What is being asked:
Without any pictures, print the lines below from the one that has "Three white electrical" through the one that has "Polsk skibslampe fra", exactly and nothing else.

Data records:
[Start of Attachment]

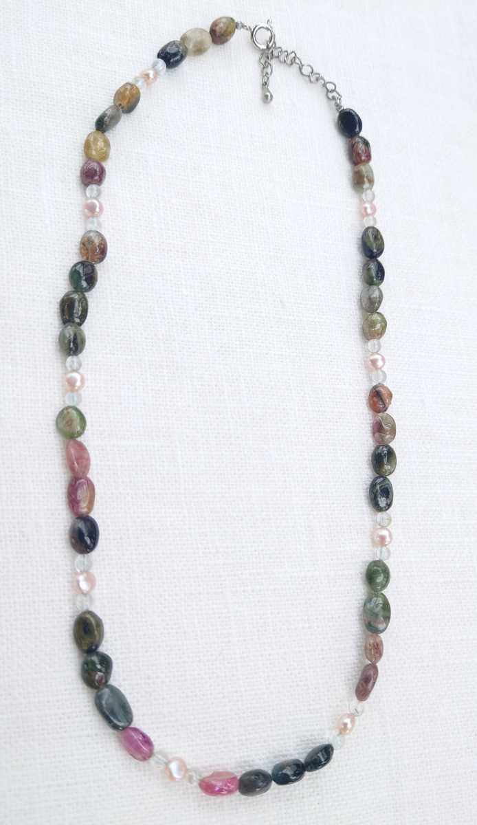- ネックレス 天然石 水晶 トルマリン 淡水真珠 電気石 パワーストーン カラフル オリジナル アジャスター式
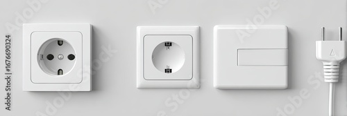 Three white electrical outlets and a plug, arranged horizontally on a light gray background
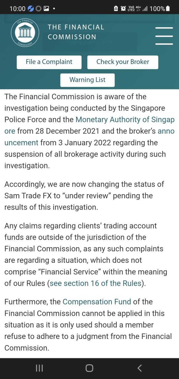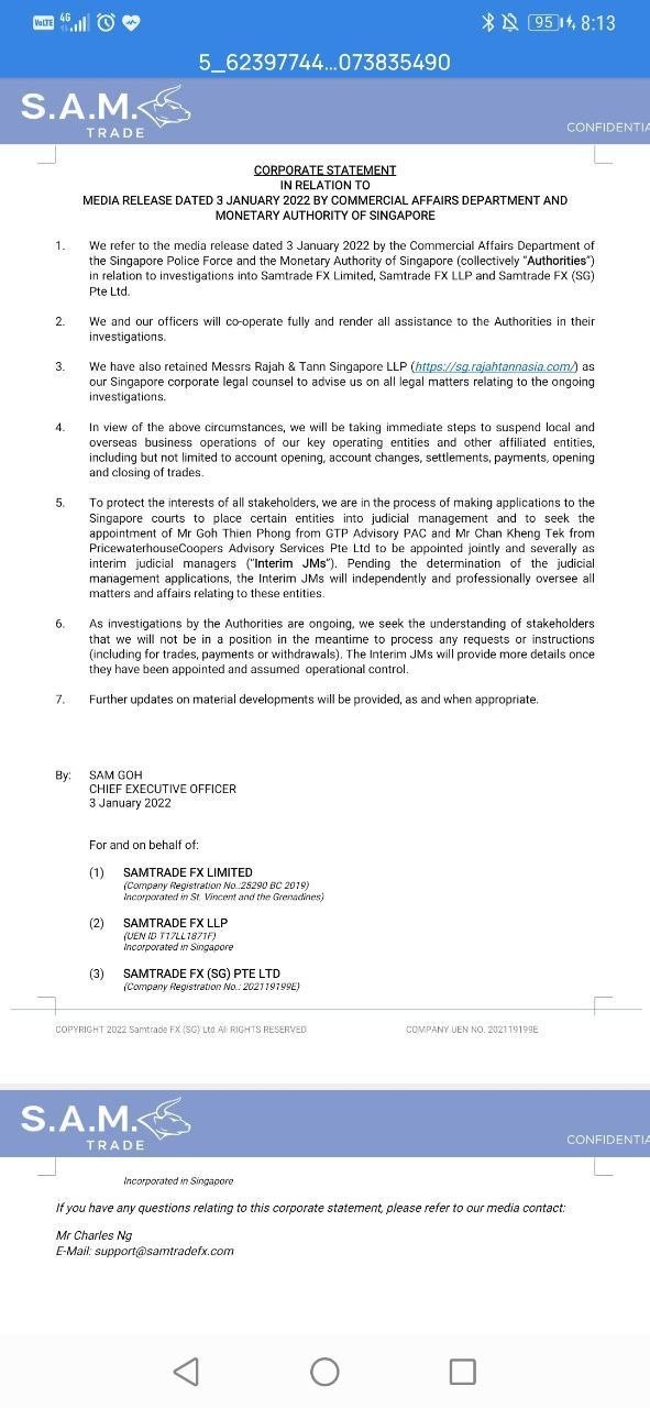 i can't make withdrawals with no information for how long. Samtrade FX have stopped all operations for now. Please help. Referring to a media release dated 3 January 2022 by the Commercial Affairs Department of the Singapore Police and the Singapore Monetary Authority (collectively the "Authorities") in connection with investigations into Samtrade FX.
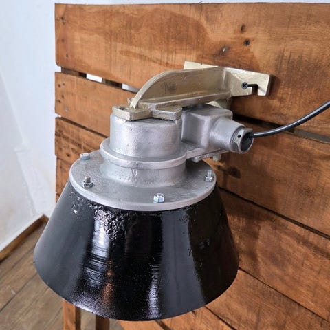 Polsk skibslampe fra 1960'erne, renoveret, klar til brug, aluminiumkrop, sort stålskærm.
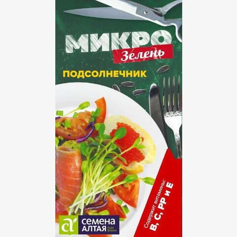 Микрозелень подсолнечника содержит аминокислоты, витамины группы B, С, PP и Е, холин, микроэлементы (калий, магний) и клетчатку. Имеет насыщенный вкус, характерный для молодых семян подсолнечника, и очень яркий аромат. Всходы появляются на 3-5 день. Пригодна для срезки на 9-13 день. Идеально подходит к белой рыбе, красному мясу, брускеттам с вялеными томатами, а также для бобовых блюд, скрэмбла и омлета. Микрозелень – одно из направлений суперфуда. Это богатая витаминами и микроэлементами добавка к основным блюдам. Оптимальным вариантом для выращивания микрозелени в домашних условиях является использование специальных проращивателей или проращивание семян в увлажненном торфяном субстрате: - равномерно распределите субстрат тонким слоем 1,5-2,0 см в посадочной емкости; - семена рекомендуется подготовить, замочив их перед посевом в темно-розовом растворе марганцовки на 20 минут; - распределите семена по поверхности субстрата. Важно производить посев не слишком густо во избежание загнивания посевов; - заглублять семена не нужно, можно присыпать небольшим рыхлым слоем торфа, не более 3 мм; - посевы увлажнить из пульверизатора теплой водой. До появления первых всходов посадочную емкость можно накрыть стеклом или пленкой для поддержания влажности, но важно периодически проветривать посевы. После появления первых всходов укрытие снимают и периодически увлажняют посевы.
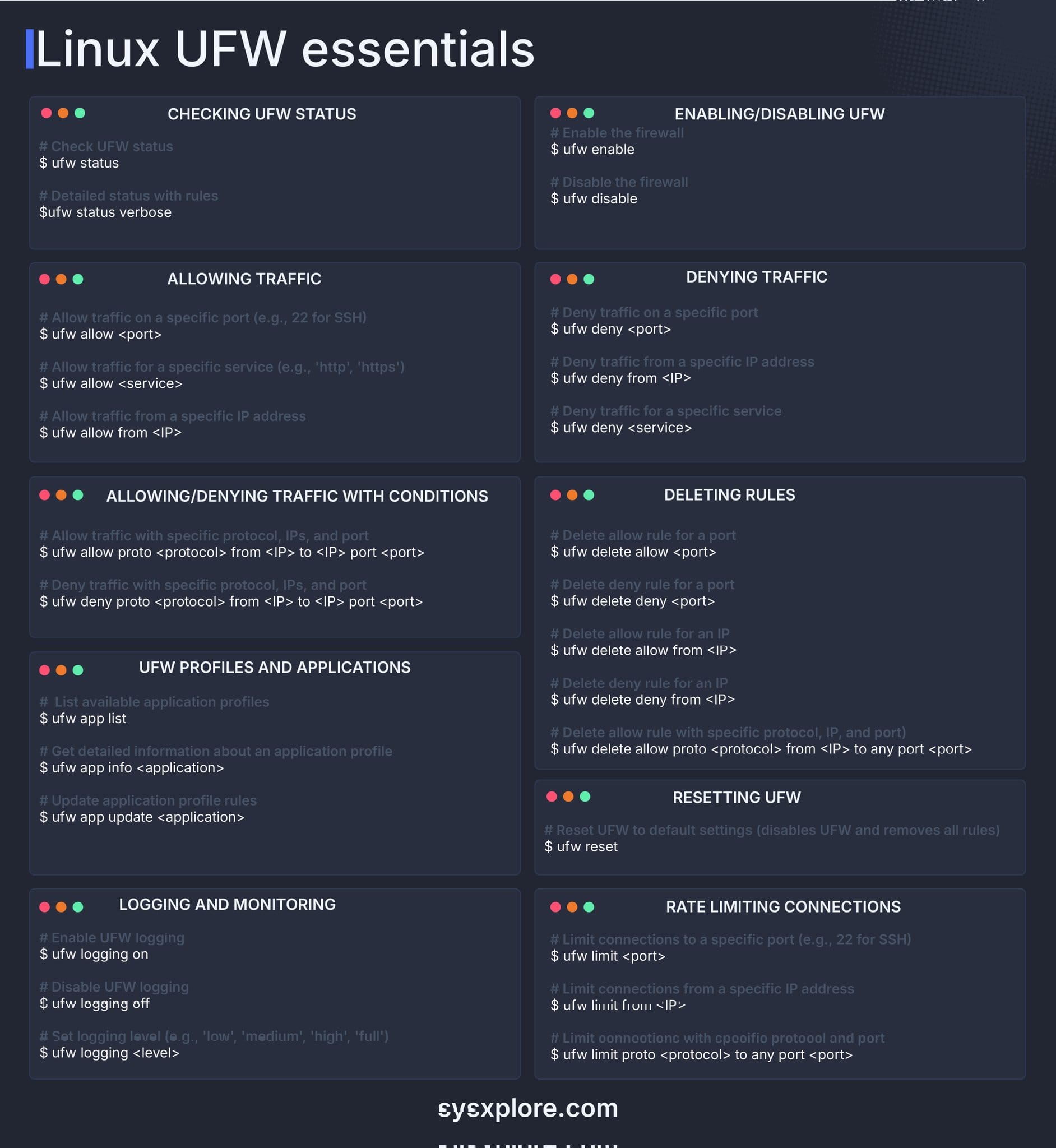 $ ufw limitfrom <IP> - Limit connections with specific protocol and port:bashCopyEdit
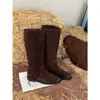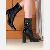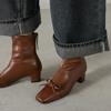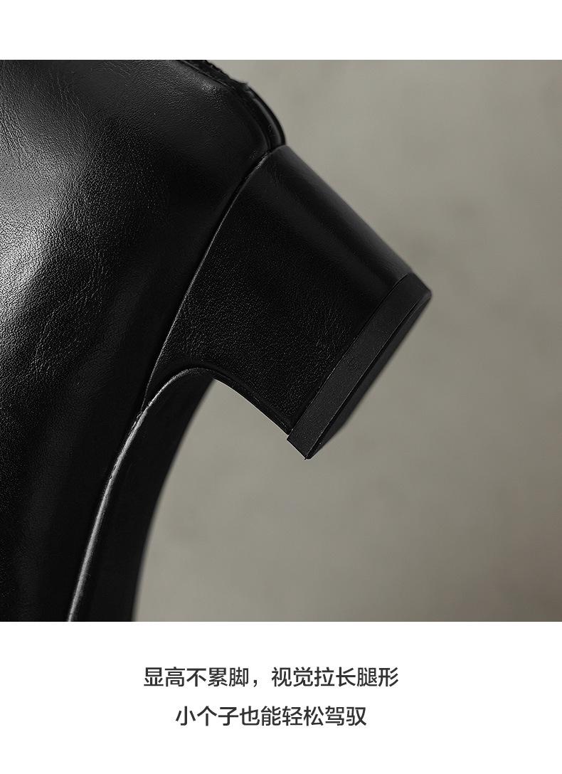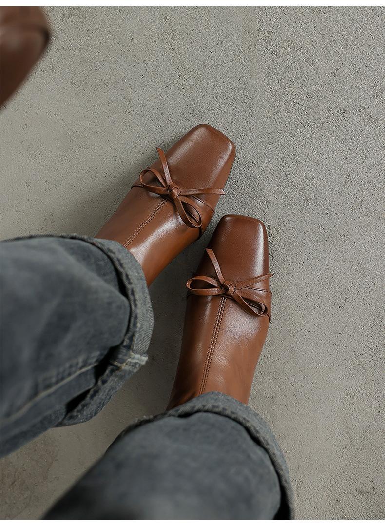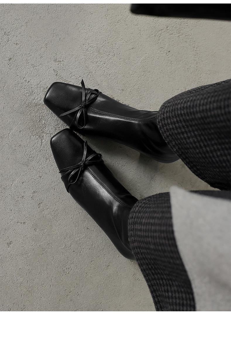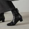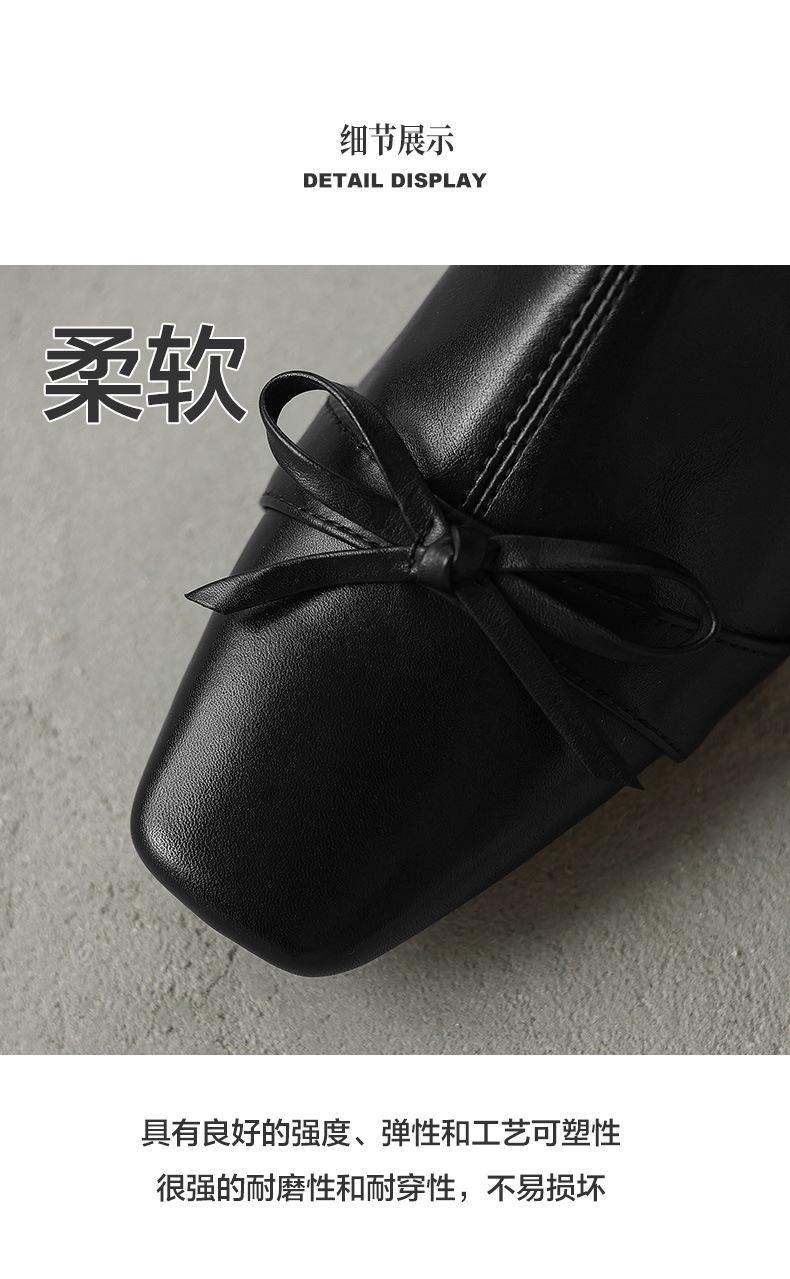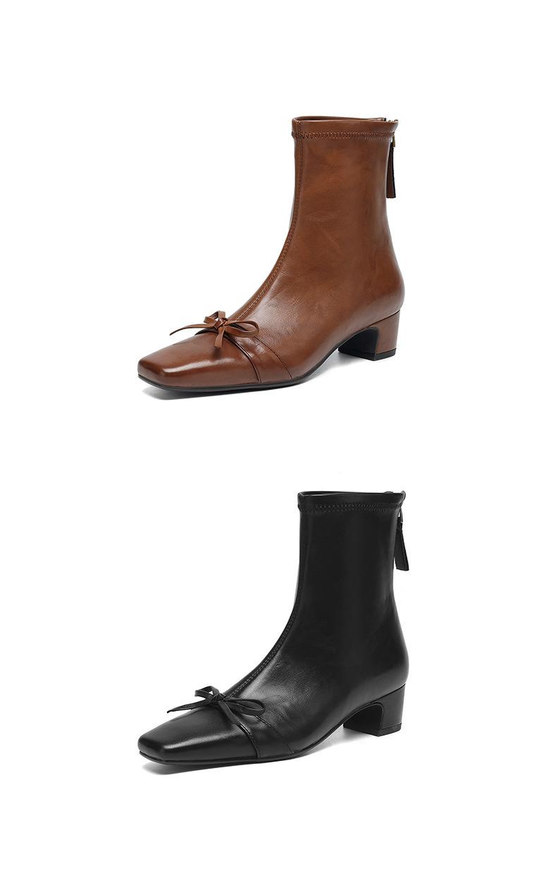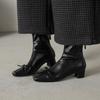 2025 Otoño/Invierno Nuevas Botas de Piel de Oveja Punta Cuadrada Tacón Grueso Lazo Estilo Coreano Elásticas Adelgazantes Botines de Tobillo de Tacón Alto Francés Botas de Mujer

[End of Attachment]

Task response:
 Three white electrical outlets and a plug, arranged horizontally on a light gray background
 i can't make withdrawals with no information for how long. Samtrade FX have stopped all operations for now. Please help. Referring to a media release dated 3 January 2022 by the Commercial Affairs Department of the Singapore Police and the Singapore Monetary Authority (collectively the "Authorities") in connection with investigations into Samtrade FX.
 Polsk skibslampe fra 1960'erne, renoveret, klar til brug, aluminiumkrop, sort stålskærm.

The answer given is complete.